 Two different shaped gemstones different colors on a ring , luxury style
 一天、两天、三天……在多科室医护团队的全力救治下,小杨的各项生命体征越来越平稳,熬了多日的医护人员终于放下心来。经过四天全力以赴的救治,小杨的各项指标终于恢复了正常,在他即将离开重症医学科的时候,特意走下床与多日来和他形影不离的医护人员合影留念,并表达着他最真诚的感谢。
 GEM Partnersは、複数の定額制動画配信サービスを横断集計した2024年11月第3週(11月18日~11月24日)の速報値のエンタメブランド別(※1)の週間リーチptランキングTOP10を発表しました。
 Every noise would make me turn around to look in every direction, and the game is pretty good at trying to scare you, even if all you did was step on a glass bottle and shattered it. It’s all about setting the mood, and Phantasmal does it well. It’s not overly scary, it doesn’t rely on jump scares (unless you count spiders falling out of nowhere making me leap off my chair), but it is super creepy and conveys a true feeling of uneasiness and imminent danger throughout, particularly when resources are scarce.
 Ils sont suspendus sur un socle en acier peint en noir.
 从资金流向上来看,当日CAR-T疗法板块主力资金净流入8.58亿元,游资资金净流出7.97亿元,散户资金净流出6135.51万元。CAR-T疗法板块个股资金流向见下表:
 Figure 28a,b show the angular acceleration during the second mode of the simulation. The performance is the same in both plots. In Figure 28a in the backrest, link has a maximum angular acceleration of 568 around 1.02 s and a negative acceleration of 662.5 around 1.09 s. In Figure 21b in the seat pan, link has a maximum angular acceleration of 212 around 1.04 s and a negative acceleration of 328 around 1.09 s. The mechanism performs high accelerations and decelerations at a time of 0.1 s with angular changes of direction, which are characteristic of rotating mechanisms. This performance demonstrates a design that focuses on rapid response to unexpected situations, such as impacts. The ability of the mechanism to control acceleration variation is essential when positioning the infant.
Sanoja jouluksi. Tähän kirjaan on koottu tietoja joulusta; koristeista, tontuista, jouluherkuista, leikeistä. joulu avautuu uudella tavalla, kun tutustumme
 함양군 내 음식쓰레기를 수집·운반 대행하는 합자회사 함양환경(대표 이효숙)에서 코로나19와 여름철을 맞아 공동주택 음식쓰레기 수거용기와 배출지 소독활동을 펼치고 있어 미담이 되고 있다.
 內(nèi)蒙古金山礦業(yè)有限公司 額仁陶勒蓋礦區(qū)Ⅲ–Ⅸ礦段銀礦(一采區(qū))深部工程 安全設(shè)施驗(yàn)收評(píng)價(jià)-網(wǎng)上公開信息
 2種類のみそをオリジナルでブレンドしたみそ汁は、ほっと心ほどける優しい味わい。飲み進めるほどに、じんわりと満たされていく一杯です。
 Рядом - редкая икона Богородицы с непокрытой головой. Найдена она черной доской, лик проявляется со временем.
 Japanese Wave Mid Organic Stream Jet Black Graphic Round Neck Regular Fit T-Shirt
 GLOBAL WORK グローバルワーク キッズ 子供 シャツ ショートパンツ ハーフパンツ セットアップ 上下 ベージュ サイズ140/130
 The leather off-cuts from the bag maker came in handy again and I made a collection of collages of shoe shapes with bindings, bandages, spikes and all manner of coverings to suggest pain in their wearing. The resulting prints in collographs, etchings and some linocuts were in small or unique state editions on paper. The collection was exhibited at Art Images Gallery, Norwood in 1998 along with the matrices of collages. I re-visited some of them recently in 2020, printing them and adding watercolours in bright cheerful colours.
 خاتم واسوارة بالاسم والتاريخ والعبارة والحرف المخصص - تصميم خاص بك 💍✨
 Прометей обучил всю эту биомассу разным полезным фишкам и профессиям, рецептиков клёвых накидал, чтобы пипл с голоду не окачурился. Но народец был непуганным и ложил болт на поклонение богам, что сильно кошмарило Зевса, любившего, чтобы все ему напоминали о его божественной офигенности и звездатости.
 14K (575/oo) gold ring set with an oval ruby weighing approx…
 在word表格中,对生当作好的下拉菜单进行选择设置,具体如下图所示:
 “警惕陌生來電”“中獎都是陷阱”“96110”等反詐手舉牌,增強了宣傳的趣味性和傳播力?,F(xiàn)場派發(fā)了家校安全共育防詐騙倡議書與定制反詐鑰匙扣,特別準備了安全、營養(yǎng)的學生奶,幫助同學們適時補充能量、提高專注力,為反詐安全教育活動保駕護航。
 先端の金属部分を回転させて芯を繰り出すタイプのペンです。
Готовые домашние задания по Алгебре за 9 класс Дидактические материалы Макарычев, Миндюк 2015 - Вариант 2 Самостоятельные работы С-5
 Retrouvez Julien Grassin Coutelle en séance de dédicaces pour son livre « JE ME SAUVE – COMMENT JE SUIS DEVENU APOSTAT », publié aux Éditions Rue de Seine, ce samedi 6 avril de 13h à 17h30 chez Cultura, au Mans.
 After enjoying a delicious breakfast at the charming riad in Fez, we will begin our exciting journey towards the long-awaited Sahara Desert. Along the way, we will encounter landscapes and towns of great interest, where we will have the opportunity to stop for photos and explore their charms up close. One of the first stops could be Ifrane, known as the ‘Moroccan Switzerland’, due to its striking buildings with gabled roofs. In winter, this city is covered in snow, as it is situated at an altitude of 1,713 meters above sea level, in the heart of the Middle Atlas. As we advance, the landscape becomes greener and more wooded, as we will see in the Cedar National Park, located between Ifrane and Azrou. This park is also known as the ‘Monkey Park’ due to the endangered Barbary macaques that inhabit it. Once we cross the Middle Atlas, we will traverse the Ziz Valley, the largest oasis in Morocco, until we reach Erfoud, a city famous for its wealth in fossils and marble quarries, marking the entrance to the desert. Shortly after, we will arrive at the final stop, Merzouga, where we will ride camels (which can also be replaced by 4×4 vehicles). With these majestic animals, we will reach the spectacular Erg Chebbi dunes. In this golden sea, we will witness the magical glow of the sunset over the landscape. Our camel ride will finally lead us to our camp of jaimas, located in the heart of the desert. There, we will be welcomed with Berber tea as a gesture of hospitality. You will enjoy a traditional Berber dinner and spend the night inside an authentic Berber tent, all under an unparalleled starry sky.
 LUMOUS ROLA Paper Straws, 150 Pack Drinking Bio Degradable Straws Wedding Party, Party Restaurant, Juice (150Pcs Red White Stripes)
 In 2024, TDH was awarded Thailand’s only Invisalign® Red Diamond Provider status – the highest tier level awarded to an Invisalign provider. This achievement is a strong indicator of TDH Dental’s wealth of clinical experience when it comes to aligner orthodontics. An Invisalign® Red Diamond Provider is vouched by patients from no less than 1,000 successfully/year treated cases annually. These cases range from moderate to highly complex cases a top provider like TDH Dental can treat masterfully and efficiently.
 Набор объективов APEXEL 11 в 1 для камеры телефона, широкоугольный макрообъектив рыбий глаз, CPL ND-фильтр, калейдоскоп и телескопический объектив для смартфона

☆ ☆ ☆

> WHAT THE TASK REQUIRES
Retype each record exactly, leaving nothing out.

> RESPONSE AREA
 Two different shaped gemstones different colors on a ring , luxury style
 一天、两天、三天……在多科室医护团队的全力救治下,小杨的各项生命体征越来越平稳,熬了多日的医护人员终于放下心来。经过四天全力以赴的救治,小杨的各项指标终于恢复了正常,在他即将离开重症医学科的时候,特意走下床与多日来和他形影不离的医护人员合影留念,并表达着他最真诚的感谢。
 GEM Partnersは、複数の定額制動画配信サービスを横断集計した2024年11月第3週(11月18日~11月24日)の速報値のエンタメブランド別(※1)の週間リーチptランキングTOP10を発表しました。
 Every noise would make me turn around to look in every direction, and the game is pretty good at trying to scare you, even if all you did was step on a glass bottle and shattered it. It’s all about setting the mood, and Phantasmal does it well. It’s not overly scary, it doesn’t rely on jump scares (unless you count spiders falling out of nowhere making me leap off my chair), but it is super creepy and conveys a true feeling of uneasiness and imminent danger throughout, particularly when resources are scarce.
 Ils sont suspendus sur un socle en acier peint en noir.
 从资金流向上来看,当日CAR-T疗法板块主力资金净流入8.58亿元,游资资金净流出7.97亿元,散户资金净流出6135.51万元。CAR-T疗法板块个股资金流向见下表:
 Figure 28a,b show the angular acceleration during the second mode of the simulation. The performance is the same in both plots. In Figure 28a in the backrest, link has a maximum angular acceleration of 568 around 1.02 s and a negative acceleration of 662.5 around 1.09 s. In Figure 21b in the seat pan, link has a maximum angular acceleration of 212 around 1.04 s and a negative acceleration of 328 around 1.09 s. The mechanism performs high accelerations and decelerations at a time of 0.1 s with angular changes of direction, which are characteristic of rotating mechanisms. This performance demonstrates a design that focuses on rapid response to unexpected situations, such as impacts. The ability of the mechanism to control acceleration variation is essential when positioning the infant.
Sanoja jouluksi. Tähän kirjaan on koottu tietoja joulusta; koristeista, tontuista, jouluherkuista, leikeistä. joulu avautuu uudella tavalla, kun tutustumme
 함양군 내 음식쓰레기를 수집·운반 대행하는 합자회사 함양환경(대표 이효숙)에서 코로나19와 여름철을 맞아 공동주택 음식쓰레기 수거용기와 배출지 소독활동을 펼치고 있어 미담이 되고 있다.
 內(nèi)蒙古金山礦業(yè)有限公司 額仁陶勒蓋礦區(qū)Ⅲ–Ⅸ礦段銀礦(一采區(qū))深部工程 安全設(shè)施驗(yàn)收評(píng)價(jià)-網(wǎng)上公開信息
 2種類のみそをオリジナルでブレンドしたみそ汁は、ほっと心ほどける優しい味わい。飲み進めるほどに、じんわりと満たされていく一杯です。
 Рядом - редкая икона Богородицы с непокрытой головой. Найдена она черной доской, лик проявляется со временем.
 Japanese Wave Mid Organic Stream Jet Black Graphic Round Neck Regular Fit T-Shirt
 GLOBAL WORK グローバルワーク キッズ 子供 シャツ ショートパンツ ハーフパンツ セットアップ 上下 ベージュ サイズ140/130
 The leather off-cuts from the bag maker came in handy again and I made a collection of collages of shoe shapes with bindings, bandages, spikes and all manner of coverings to suggest pain in their wearing. The resulting prints in collographs, etchings and some linocuts were in small or unique state editions on paper. The collection was exhibited at Art Images Gallery, Norwood in 1998 along with the matrices of collages. I re-visited some of them recently in 2020, printing them and adding watercolours in bright cheerful colours.
 خاتم واسوارة بالاسم والتاريخ والعبارة والحرف المخصص - تصميم خاص بك 💍✨
 Прометей обучил всю эту биомассу разным полезным фишкам и профессиям, рецептиков клёвых накидал, чтобы пипл с голоду не окачурился. Но народец был непуганным и ложил болт на поклонение богам, что сильно кошмарило Зевса, любившего, чтобы все ему напоминали о его божественной офигенности и звездатости.
 14K (575/oo) gold ring set with an oval ruby weighing approx…
 在word表格中,对生当作好的下拉菜单进行选择设置,具体如下图所示:
 “警惕陌生來電”“中獎都是陷阱”“96110”等反詐手舉牌,增強了宣傳的趣味性和傳播力?,F(xiàn)場派發(fā)了家校安全共育防詐騙倡議書與定制反詐鑰匙扣,特別準備了安全、營養(yǎng)的學生奶,幫助同學們適時補充能量、提高專注力,為反詐安全教育活動保駕護航。
 先端の金属部分を回転させて芯を繰り出すタイプのペンです。
Готовые домашние задания по Алгебре за 9 класс Дидактические материалы Макарычев, Миндюк 2015 - Вариант 2 Самостоятельные работы С-5
 Retrouvez Julien Grassin Coutelle en séance de dédicaces pour son livre « JE ME SAUVE – COMMENT JE SUIS DEVENU APOSTAT », publié aux Éditions Rue de Seine, ce samedi 6 avril de 13h à 17h30 chez Cultura, au Mans.
 After enjoying a delicious breakfast at the charming riad in Fez, we will begin our exciting journey towards the long-awaited Sahara Desert. Along the way, we will encounter landscapes and towns of great interest, where we will have the opportunity to stop for photos and explore their charms up close. One of the first stops could be Ifrane, known as the ‘Moroccan Switzerland’, due to its striking buildings with gabled roofs. In winter, this city is covered in snow, as it is situated at an altitude of 1,713 meters above sea level, in the heart of the Middle Atlas. As we advance, the landscape becomes greener and more wooded, as we will see in the Cedar National Park, located between Ifrane and Azrou. This park is also known as the ‘Monkey Park’ due to the endangered Barbary macaques that inhabit it. Once we cross the Middle Atlas, we will traverse the Ziz Valley, the largest oasis in Morocco, until we reach Erfoud, a city famous for its wealth in fossils and marble quarries, marking the entrance to the desert. Shortly after, we will arrive at the final stop, Merzouga, where we will ride camels (which can also be replaced by 4×4 vehicles). With these majestic animals, we will reach the spectacular Erg Chebbi dunes. In this golden sea, we will witness the magical glow of the sunset over the landscape. Our camel ride will finally lead us to our camp of jaimas, located in the heart of the desert. There, we will be welcomed with Berber tea as a gesture of hospitality. You will enjoy a traditional Berber dinner and spend the night inside an authentic Berber tent, all under an unparalleled starry sky.
 LUMOUS ROLA Paper Straws, 150 Pack Drinking Bio Degradable Straws Wedding Party, Party Restaurant, Juice (150Pcs Red White Stripes)
 In 2024, TDH was awarded Thailand’s only Invisalign® Red Diamond Provider status – the highest tier level awarded to an Invisalign provider. This achievement is a strong indicator of TDH Dental’s wealth of clinical experience when it comes to aligner orthodontics. An Invisalign® Red Diamond Provider is vouched by patients from no less than 1,000 successfully/year treated cases annually. These cases range from moderate to highly complex cases a top provider like TDH Dental can treat masterfully and efficiently.
 Набор объективов APEXEL 11 в 1 для камеры телефона, широкоугольный макрообъектив рыбий глаз, CPL ND-фильтр, калейдоскоп и телескопический объектив для смартфона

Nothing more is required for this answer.